Option A: Python Helper Script (Recommended)
The integration test includes a script that handles the OAuth2 flow:
# Install the Globus SDK (one-time)
pip install globus-sdk
cd context-assimilation-engine/test/integration/globus_matsci
# Generate tokens for a specific collection
# Replace YOUR_CLIENT_ID with the Client ID from Step 1
# Replace COLLECTION_ID with the Globus endpoint/collection UUID
python3 get_oauth_token.py \
--client-id YOUR_CLIENT_ID \
COLLECTION_ID
The script will:
- Print an authorization URL — open it in your browser
- Sign in to Globus and click Allow to authorize the scopes
- Globus displays an authorization code — copy it
- Paste the code back into the terminal when prompted
On success, the script saves tokens to three files:
| File | Format | Usage |
|---|---|---|
/tmp/globus_tokens.sh | Shell exports | source /tmp/globus_tokens.sh |
/tmp/globus_tokens.txt | KEY=VALUE | Manual reference |
/tmp/globus_tokens.json | Full JSON | Programmatic access |
Load the tokens into your current shell:
source /tmp/globus_tokens.sh
This exports GLOBUS_ACCESS_TOKEN, GLOBUS_HTTPS_ACCESS_TOKEN, and GLOBUS_COLLECTION_ID.
If COLLECTION_ID is omitted, the script defaults to the Globus Tutorial Collection (6c54cade-bde5-45c1-bdea-f4bd71dba2cc).
For the Materials Science test endpoint:
python3 get_oauth_token.py \
--client-id YOUR_CLIENT_ID \
e8cf0e9a-f96a-11ed-9a83-83ef71fbf0ae
Mapped Collections and data_access Scope
Some collections (non-High-Assurance GCSv5 mapped collections) require an additional data_access scope.

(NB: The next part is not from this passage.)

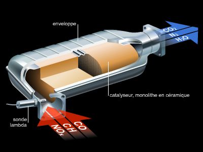 Le moteur à essence des automobiles représente une source importante de pollution. Celle-ci est due à la présence, dans les gaz d'échappement, de monoxyde de carbone, d'oxydes d'azote, d'hydrocarbures imbrûlés et de plomb (provenant du plomb-tétraéthyle ajouté à l'essence pour augmenter son indice d'octane). On y remédie par un meilleur réglage de la carburation et par une postcombustion des gaz d'échappement dans un pot catalytique placé sur le conduit d'échappement ; cette dernière méthode nécessite l'emploi d'essence sans plomb. Les moteurs à injection directe réduisent la consommation de carburant et donc les rejets d'oxydes de carbone. Pour limiter les rejets dans l'atmosphère, par les véhicules, de dioxyde de carbone (gaz à effet de serre), on s'efforce de développer la commercialisation des biocarburants, du gaz de pétrole liquéfié (G.P.L.) et du gaz naturel pour véhicule (G.N.V.).

The script auto-detects this from endpoint metadata, but if you get a ConsentRequired error, force it:
python3 get_oauth_token.py --client-id YOUR_CLIENT_ID --with-data-access COLLECTION_ID
Option B: Manual REST API
If you cannot use the Python script, you can generate tokens using curl.
Get an authorization code — open this URL in your browser (replace YOUR_CLIENT_ID and COLLECTION_ID):
https://auth.globus.org/v2/oauth2/authorize?client_id=YOUR_CLIENT_ID&redirect_uri=https://auth.globus.org/v2/web/auth-code&scope=urn:globus:auth:scope:transfer.api.globus.org:all%20https://auth.globus.org/scopes/COLLECTION_ID/https&response_type=code
Sign in, authorize, and copy the authorization code displayed on the page.
Exchange the code for tokens:
curl -X POST https://auth.globus.org/v2/oauth2/token \
-d "client_id=YOUR_CLIENT_ID" \
-d "grant_type=authorization_code" \
-d "code=PASTE_AUTH_CODE_HERE" \
-d "redirect_uri=https://auth.globus.org/v2/web/auth-code"
The JSON response contains token entries for each resource server. Look for the access_token fields.
Export the tokens:
# The token for resource_server "transfer.api.globus.org"
export GLOBUS_ACCESS_TOKEN="AgVxxx..."
# The token for the collection resource_server (the COLLECTION_ID)
export GLOBUS_HTTPS_ACCESS_TOKEN="AgXxxx..."
Step 3: Verify Tokens (Optional)
Confirm the transfer token works by querying an endpoint:
curl -s -H "Authorization: Bearer $GLOBUS_ACCESS_TOKEN" \
https://transfer.api.globus.org/v0.10/endpoint/e8cf0e9a-f96a-11ed-9a83-83ef71fbf0ae \
| jq '.display_name, .https_server'
If you see the endpoint name and HTTPS server URL, your token is valid. If you see Token is not active, the token has expired — regenerate it.
OMNI File Format for Globus
Globus transfers are specified in OMNI files using either URI format:
globus:// URI
transfers:
- src: "globus://ENDPOINT_ID/path/to/file.dat"
dst: "file::/tmp/local_copy.dat"
format: "binary"
src_token: "${GLOBUS_ACCESS_TOKEN}"
Globus Web URL
transfers:
- src: "https://app.globus.org/file-manager?origin_id=ENDPOINT_ID&origin_path=%2Fpath%2Fto%2F"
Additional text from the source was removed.